Gefühl & Härte


München, „"Macht der Nacht"

Gefühl & Härte“ heißt die Wanderausstellung „zur Geschichte der deutschen Rockmusik“, mit der das Goethe-Institut den Rest der Welt davon in Kenntnis setzen will, daß es auch hierzulande und nicht erst seit gestern Musikformen gibt, die ohne Partituren und Dirigenten funktionieren. Bevor das Unternehmen auf die Reise ging, wurde es in München den Medien präsentiert -— anschließend führten die Ärzte, die Rainbirds und Nina Hagen vor, wohin es die „deutsche Rockmusik“ in ihrer 30jährigen „Geschichte“ gebracht hat.

Immerhin soweit, daß man heute auf der Bühne all das singen und sagen darf, wovor mich meine Eltern vor 15 Jahren immer gewarnt haben. Die drei Ärzte mußten ihr 150-Minuten-Programm fürs Goethe-Spektakel zwar um eine Dreiviertelstunde kürzen, festigten aber auch mit der Kurz-Version ihren Ruf als die deutsche Teenie-Band schlechthin. Wo ihre Fans verklemmt sind, werden sie deutlich: Bela, Farin und Hagen klopfen genau die Sprüche, die sich viele 16jährige nicht mal zu denken trauen. Und für die Volldampf-Musik dazu brauchten andere Bands mindestens zwei Musiker mehr. Das Zelt tobte, und besonders die Jungs im Publikum signalisierten immer wieder grinsend und nickend vollinhaltliche Zustimmung. Auch die Rainbirds mußten ihren Auftritt auf zwei Drittel der üblichen Live-Show raffen, was ihr Konzert insgesamt straighter/rockiger wirken ließ, ohne daß deshalb auf die leisen Töne verzichtet worden wäre. Ansonsten waren im Vergleich zur Frühjahrs-Tournee keine umwälzenden Neuerungen zu verzeichnen, außer daß es den Vieren hörbar gut getan hat, daß sie zwischendurch mal wieder ein paar Tage Urlaub machen konnten.
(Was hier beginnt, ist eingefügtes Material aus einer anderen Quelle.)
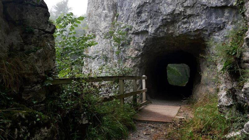 Tras pasar una pequeña cueva de apenas cincuenta metros llegará el caminante a la antigua cantera, visible a la derecha del sendero, con la que se construyó el embalse de Lareo. Un par de repechos entre la espesura del bosque nos llevó hasta este lugar.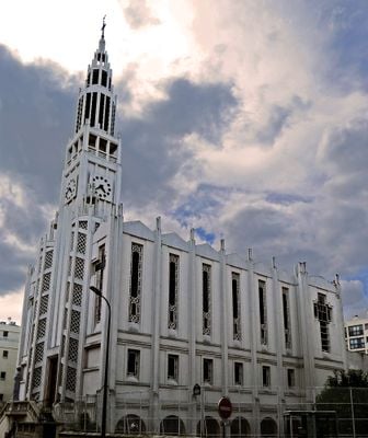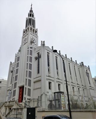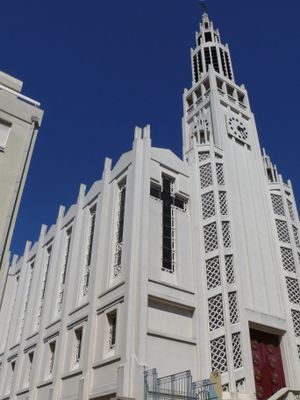 Die Saint-Jean-Bosco-Kirche verfügt über einen 53 Meter hohen Turm, Stahlbetonkonstruktion und geometrische Muster der 1930er Jahre Architektur.

Auch wenn sich die allgegenwärtige Nina Hagen als Höhepunkt des Abends fühlte – — nach den Rainbirds hatte sie nichts zu lachen. Zumal sie statt mit ihrer Band nur mit hüpfenden Negern zu Halb-Playback auftrat und sich nach zweieinhalb Nummern schon wieder verabschiedete, was enttäuschte Anhänger zu lautstarken „Geldzurück!“-Forderungen animierte.

Dabei war sie ausnahmsweise gar nicht selber schuld, sondern hatte -— wie die gesamte Veranstaltung -— unter den schlichtweg lächerlichen Auflagen der Stadt München zu leiden, die sich einmal mehr als Spielverderber erster Güte präsentierte: Mit Rücksicht auf ein angrenzendes Kasernengelände durfte im „Macht der Nacht“-Zelt erst ab 17 Uhr geprobt werden (Angst vor akustischer Wehrkraftzersetzung?), außerdem war Live-Musik nach Mitternacht nicht mehr gestattet, so daß Nina Hagen, selbst wenn sie „richtig“ gespielt hätte, vermutlich mittendrin plötzlich der Saft abgedreht worden wäre.

Gesetzt den Fall, der Rest Deutschlands wäre genauso popfeindlich drauf wie München, die Weltstadt mit Schmerz, hätte es die „Gefühl + Härte“-Ausstellung nie gegeben.

Weil es gar keine deutsche Rockmusik gegeben hätte.